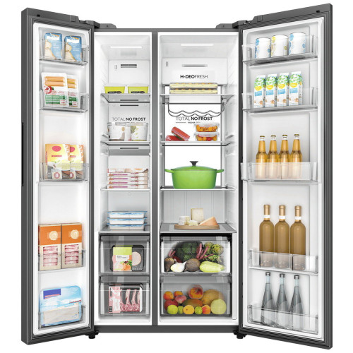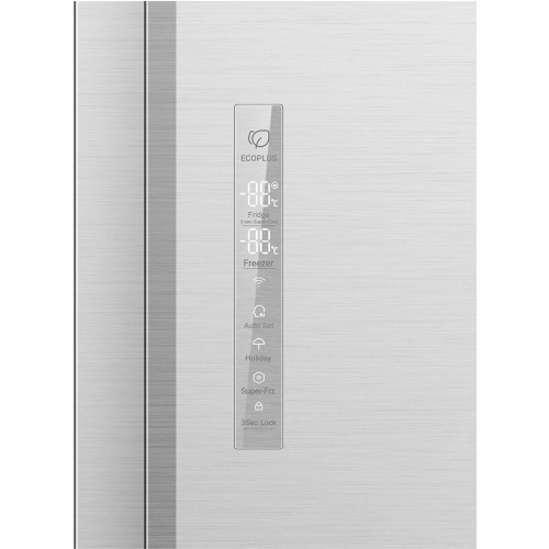 Особенности: Multi Air Flow Равномерное распределение воздушных потоков по холодильному отделению и точное поддержание оптимальной температуры для хранения продуктов. DEO Fresh Натуральный турмалиновый антибактериальный модуль обеспечивает ионизацию и обеззараживание воздуха за счет выделения отрицательных ионов. Это избавляет от неприятных запахов, обеспечивая более гигиеничное хранение продуктов. LED-дисплей Благодаря LED-дисплею и управлению на дверце, можно не открывать холодильник для смены настроек. Внутрь не попадает тёплый воздух — лучше сохранность продуктов и меньше расход электроэнергии Tower Led Светодиодная колонна Tower LED — на всю высоту холодильного отделения — позволяет в любой момент видеть то, что хранится в холодильнике. Вы легко и быстро найдёте нужный продукт — недостаточно освещённых зон просто нет. Поддержание влажности HCS Респираторная мембрана отводит лишнюю влажность если ее уровень более 90% или накапливает влагу при излишне сухом воздухе. Овощи и фрукты дольше остаются свежими. Складная полка для бутылок Двойная складная винная полка разработана для максимального удобства хранения продуктов и напитков: моделируйте пространство так, как вам удобно. Общие данные: Размеры: высота: 177,5 см ширина: 90,5 см глубина: 71,7 см Общий объем/ Полезный объем: Холодильника (л): -/598 Холодильной камеры (л): -/388 Морозильной камеры (л): -/210 Тип управления: электронный Класс энергопотребления: A++ Климатический класс: SN-T (от +10°С до +43°С) Количество компрессоров: 1 Годовое потребление энергии: 362 кВтч Цвет: нержавеющая сталь Холодильное отделение: Полки из закаленного стекла: 4 5 полочек на двери Система Nо Frost (Frost Free, Ноу Фрост) Светодиодное освещение Tower LED Диапазон температуры: 1~9°C Ящики для овощей и фруктов: 2 Цвет выдвижных ящиков: Прозрачный Регулируемое отделение HumidityBox Морозильное отделение: Система Nо Frost (Frost Free, Ноу Фрост) Количество звездочек: **** Диапазон температуры: -14~-24°C Мощность замораживания: 15 кг/сутки Светодиодное освещение Функция суперзамораживания Полки из закаленного стекла: 4 5 полочек на двери Дополнительная информация: Тип компрессора: Инвертор Вес нетто (кг): 95 Удаленное управление через Wi-Fi Напряжение/Частота: 220 В / 50 Гц Уровень шума дБ (А): 38 Функция Отпуск Тип хладагента: R600a Блокировка управления
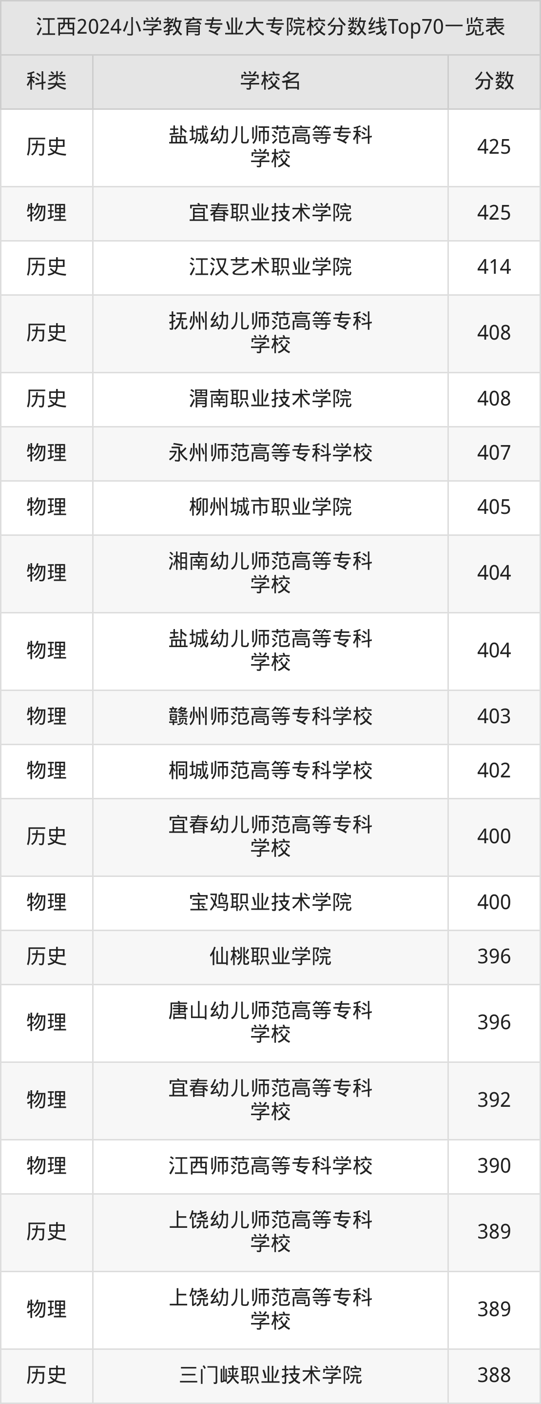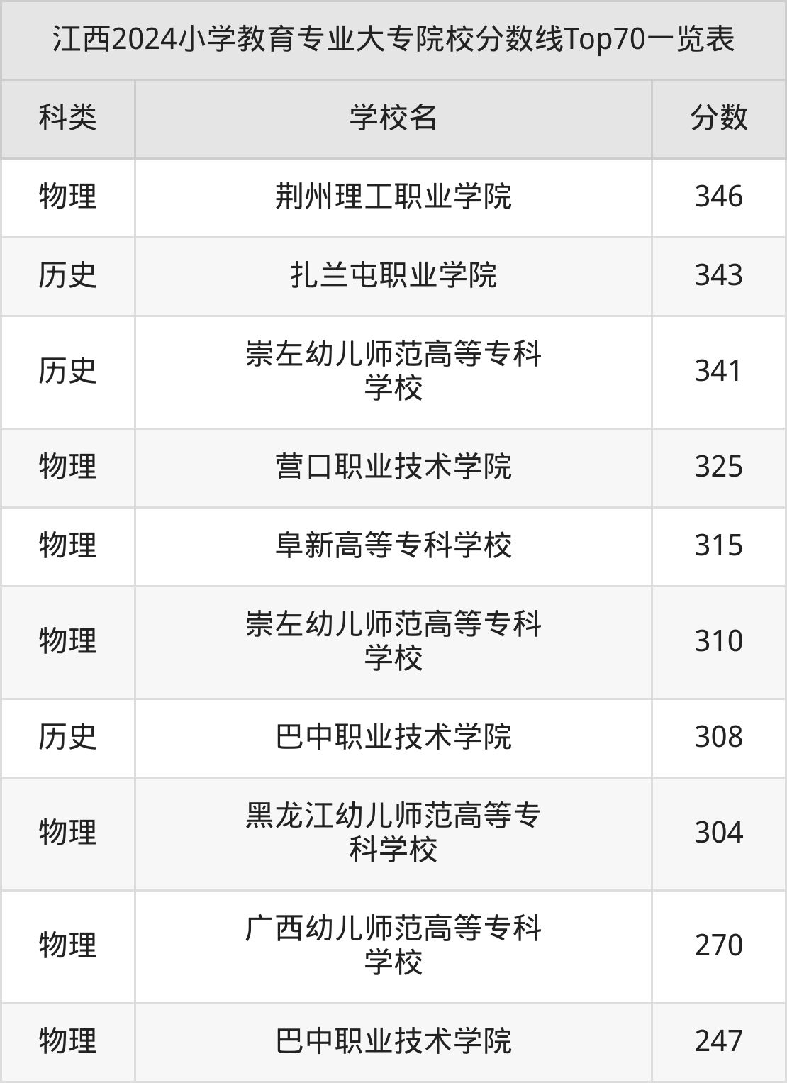 小学教育专业大专院校实力排名靠前的有金华职业技术学院、湖南民族职业学院、襄阳职业技术学院等。2024年大专小学教育专业招生最低分数为247分(物理类),而想报考该专业的历史类考生分数至少要在308分以上。
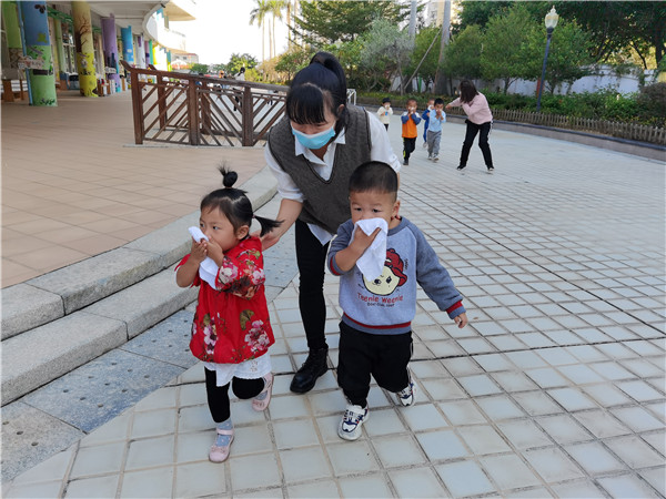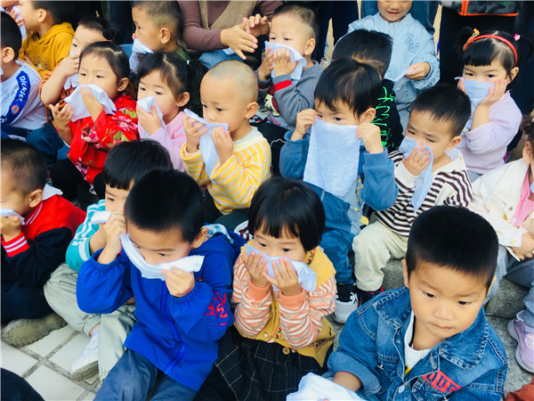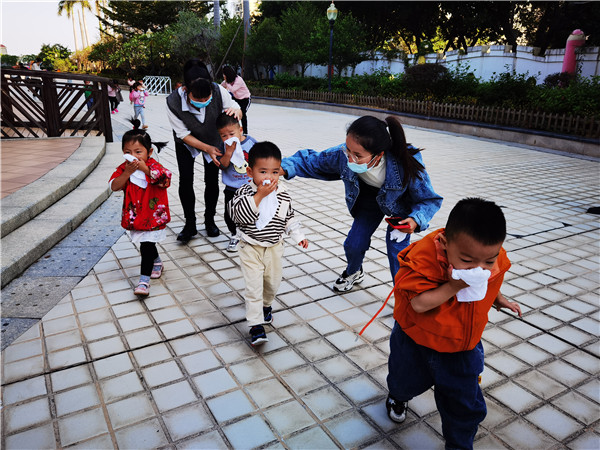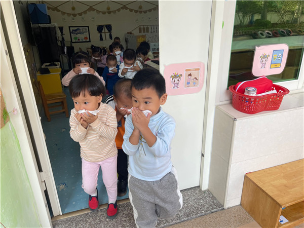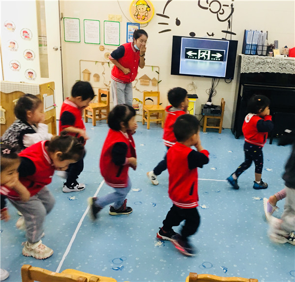 上课时,突然警笛响起来,“快!小朋友们拿起你们手上的湿毛巾捂住口鼻,跟我走!”老师一声令下,萌娃们跟着老师按紧急预案的疏散路线捂住口鼻,弯腰小步快走,安全有序地疏散到安全地带。

_____

*WHAT THE EXERCISE ASKS*. The pictures in the listing above are to be dropped, and everything else reproduced exactly.

*RESULT FOR THIS TASK*.
 Особенности: Multi Air Flow Равномерное распределение воздушных потоков по холодильному отделению и точное поддержание оптимальной температуры для хранения продуктов. DEO Fresh Натуральный турмалиновый антибактериальный модуль обеспечивает ионизацию и обеззараживание воздуха за счет выделения отрицательных ионов. Это избавляет от неприятных запахов, обеспечивая более гигиеничное хранение продуктов. LED-дисплей Благодаря LED-дисплею и управлению на дверце, можно не открывать холодильник для смены настроек. Внутрь не попадает тёплый воздух — лучше сохранность продуктов и меньше расход электроэнергии Tower Led Светодиодная колонна Tower LED — на всю высоту холодильного отделения — позволяет в любой момент видеть то, что хранится в холодильнике. Вы легко и быстро найдёте нужный продукт — недостаточно освещённых зон просто нет. Поддержание влажности HCS Респираторная мембрана отводит лишнюю влажность если ее уровень более 90% или накапливает влагу при излишне сухом воздухе. Овощи и фрукты дольше остаются свежими. Складная полка для бутылок Двойная складная винная полка разработана для максимального удобства хранения продуктов и напитков: моделируйте пространство так, как вам удобно. Общие данные: Размеры: высота: 177,5 см ширина: 90,5 см глубина: 71,7 см Общий объем/ Полезный объем: Холодильника (л): -/598 Холодильной камеры (л): -/388 Морозильной камеры (л): -/210 Тип управления: электронный Класс энергопотребления: A++ Климатический класс: SN-T (от +10°С до +43°С) Количество компрессоров: 1 Годовое потребление энергии: 362 кВтч Цвет: нержавеющая сталь Холодильное отделение: Полки из закаленного стекла: 4 5 полочек на двери Система Nо Frost (Frost Free, Ноу Фрост) Светодиодное освещение Tower LED Диапазон температуры: 1~9°C Ящики для овощей и фруктов: 2 Цвет выдвижных ящиков: Прозрачный Регулируемое отделение HumidityBox Морозильное отделение: Система Nо Frost (Frost Free, Ноу Фрост) Количество звездочек: **** Диапазон температуры: -14~-24°C Мощность замораживания: 15 кг/сутки Светодиодное освещение Функция суперзамораживания Полки из закаленного стекла: 4 5 полочек на двери Дополнительная информация: Тип компрессора: Инвертор Вес нетто (кг): 95 Удаленное управление через Wi-Fi Напряжение/Частота: 220 В / 50 Гц Уровень шума дБ (А): 38 Функция Отпуск Тип хладагента: R600a Блокировка управления
 小学教育专业大专院校实力排名靠前的有金华职业技术学院、湖南民族职业学院、襄阳职业技术学院等。2024年大专小学教育专业招生最低分数为247分(物理类),而想报考该专业的历史类考生分数至少要在308分以上。
 上课时,突然警笛响起来,“快!小朋友们拿起你们手上的湿毛巾捂住口鼻,跟我走!”老师一声令下,萌娃们跟着老师按紧急预案的疏散路线捂住口鼻,弯腰小步快走,安全有序地疏散到安全地带。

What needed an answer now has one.